*** Data shown Section Begins ***

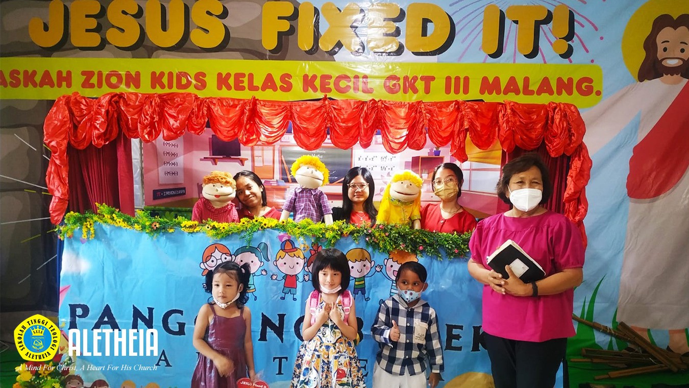 dan pertunjukkan Panggung Boneka Ibadah Paskah Kelas Kecil Zion Kids dengan
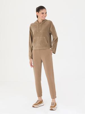Camel rengi, zamansız bir görünüm sunarken, vücuda tam oturan regular fit kesimi ile hem şık hem de rahat bir stil sunmaktadır. Yan cep detayları sayesinde kullanışlılık da sunmaktadır. Cepsiz modellerden farklı olarak, hem estetik hem de işlevsel bir tasarım sunmaktadır. Yumuşak ve esnek kumaşı, özellikle spor yaparken veya evde dinlenirken ekstra hareket özgürlüğü sağlamaktadır. Dikiş detayları ve paça kısmındaki lastikli yapı, ürünün sportif stilini desteklemektedir.
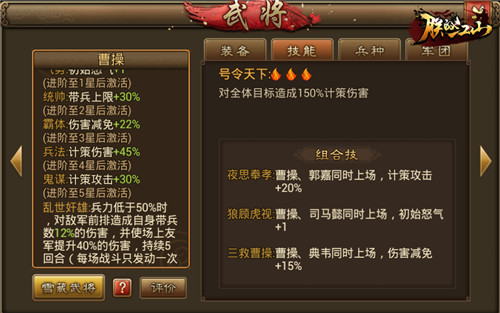 曹老板自该披挂上阵,曹操有增加兵力上限和伤害减免的天赋,也有两个攻击天赋,定位是半肉法坦。觉醒技能需要掉兵力才能触发,所以放在前排比较合理。触发觉醒能够对敌人前排造成伤害,并且提升友军40%的伤害,持续5个回合。同时搭配游戏中曹操的最佳搭档司马懿,两人同时上阵增加初始怒气,司马作前排其觉醒技能可以虚弱对面武将,并让自己获得减伤效果,可以和曹操一起当肉盾。
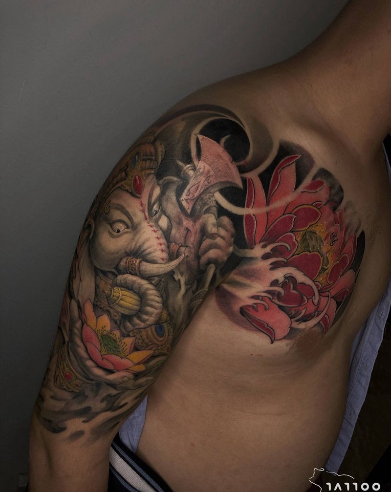 当前位置: 首页 >山东省济南市纹身店-纹豪刺青纹身图案>半甲纹身图片_肩部胸部纹身图案
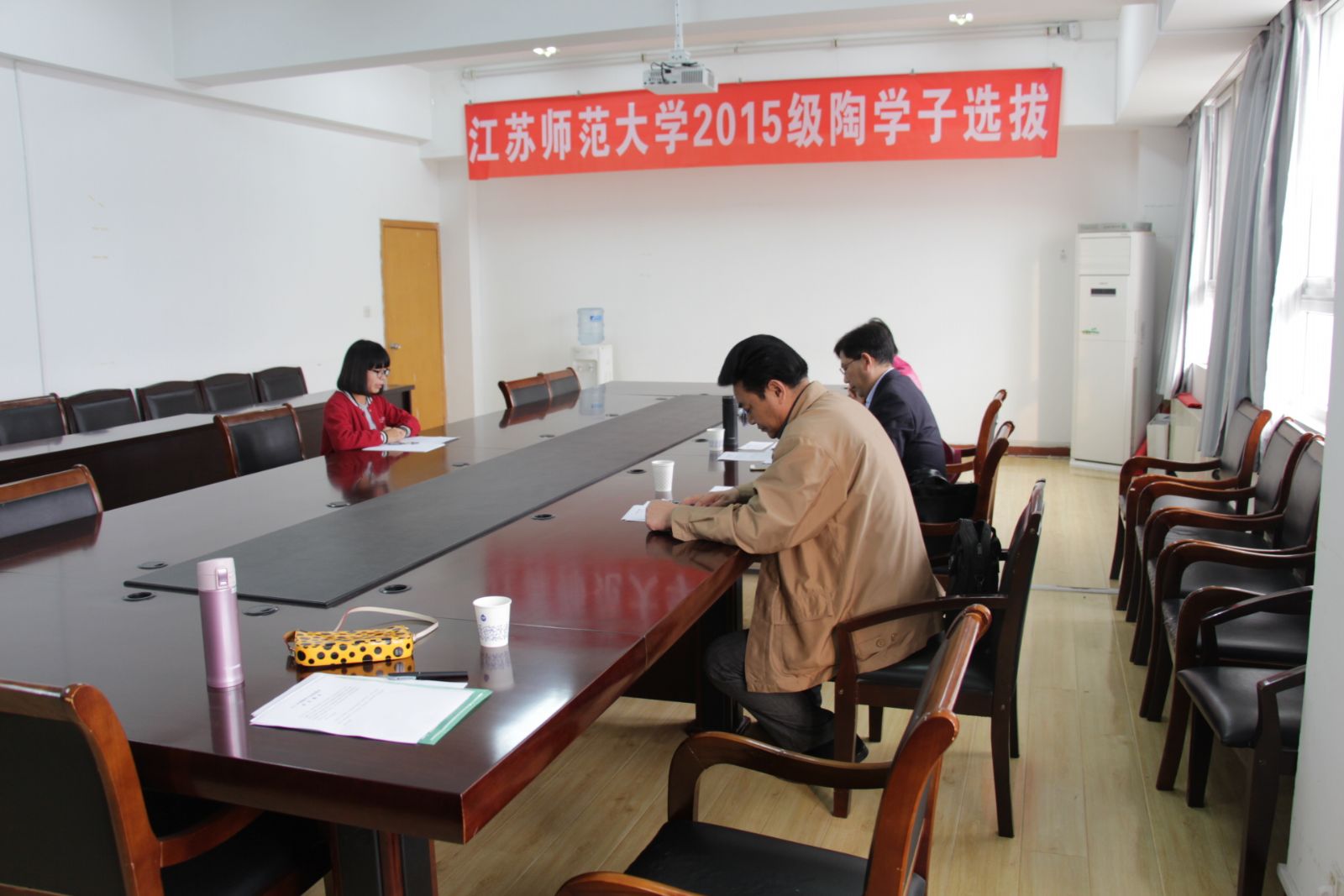 为了响应江苏陶欣伯助学基金会对陶学子“贫困有志、创新创业”的要求,进一步提高陶学子的质量,促进江苏师大伯藜学社持续蓬勃发展,我校伯藜学社于2015年10月29日下午针对来自21个院系共计60余名预选陶学子展开了一场结构化面试。主持此次面试的领导有江苏师范大学副校长刘广登教授、学生工作处崔成前处长、基金会焦正平主任、保卫处苏勇处长、团委商亮书记、学生工作处王友健副处长、何莉娜副处长。面对如此强大的面试官阵容,每位参试的同学更加真切地感受到了校方对我社的大力支持,对此次面试也愈发的重视起来。

*** Data shown Section Ends ***

▸ Exercise
Once the line containing "当前位置: 首页 >山东省济南市纹身店-纹豪刺青纹身图案>半甲纹身图片_肩部胸部纹身图案" is found, copy it and each line after it through the end of the entries above exactly; nothing else, and no pictures.

▸ Solution
 当前位置: 首页 >山东省济南市纹身店-纹豪刺青纹身图案>半甲纹身图片_肩部胸部纹身图案
 为了响应江苏陶欣伯助学基金会对陶学子“贫困有志、创新创业”的要求,进一步提高陶学子的质量,促进江苏师大伯藜学社持续蓬勃发展,我校伯藜学社于2015年10月29日下午针对来自21个院系共计60余名预选陶学子展开了一场结构化面试。主持此次面试的领导有江苏师范大学副校长刘广登教授、学生工作处崔成前处长、基金会焦正平主任、保卫处苏勇处长、团委商亮书记、学生工作处王友健副处长、何莉娜副处长。面对如此强大的面试官阵容,每位参试的同学更加真切地感受到了校方对我社的大力支持,对此次面试也愈发的重视起来。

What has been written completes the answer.